Já o Último Segundo registra: O G77+China, grupo composto por 132 países pobres e em desenvolvimento - inclusive o Brasil -, começou as negociações da "Rio+20" com a proposta de criar um fundo de US$ 30 bilhões por ano para promover o Desenvolvimento Sustentável, tema da conferência.

Do sítio da Agência de Notícias Brasil-Árabe, destacamos que: Em seu discurso na inauguração do Pavilhão Brasil na Rio+20, que reúne um exposição sobre projetos do governo federal e será palco de debates, a presidente Dilma Rousseff afirmou que todos os países precisam assumir compromissos em busca do desenvolvimento sustentável, especialmente os ricos.

 

Enquanto isso, na UNESCO, a embaixadora cubana María Angeles destacou que o G77+China desempenhou um importante papel no desenvolvimento das relações de cooperação Sul-Sul, o desenvolvimento de programas em educação, ciência, tecnologia e cultura, assim como o consenso obtido para a admissão da Palestina como um Estado de plenos direitos.
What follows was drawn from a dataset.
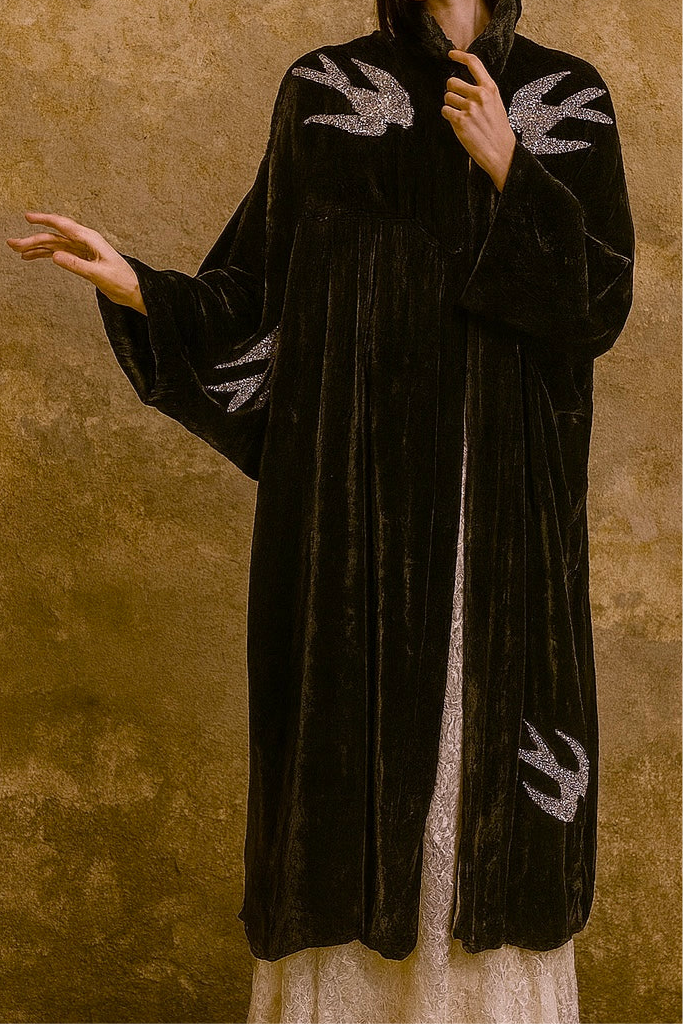 This unique 1920s Art Deco silk Velour coat features draped batwing draped sleeves and a pleated distinctive yolk seem creating a distinctive, flowing silhouette. Made from the softest silk, it offers a long, loose fit for comfortable elegance. The coat fastens at the front and is adorned with an exquisite rhinestone pattern of swallows murmuring across the back and front, exemplifying exceptional craftsmanship and vintage charm. Fully lined in a delicate print Silk.

Ao final, a embaixadora da Venezuela, Rebeca Sánchez, elogiou a profundidade do debate e a participação de mais de 300 pessoas durante as quatro horas de discussão. "Isso nos motiva a seguir discutindo os verdadeiros desafios que a Unesco tem e sobre como enfrentar a chantagem econômica à qual a organização foi submetida por parte dos Estados Unidos e Israel, por ter permitido a inclusão da Palestina como membro", disse Rebeca à Prensa Latina. Ela agregou também que atitudes como as de Washington e Telavive não são democráticas, nem estão no espírito da ONU.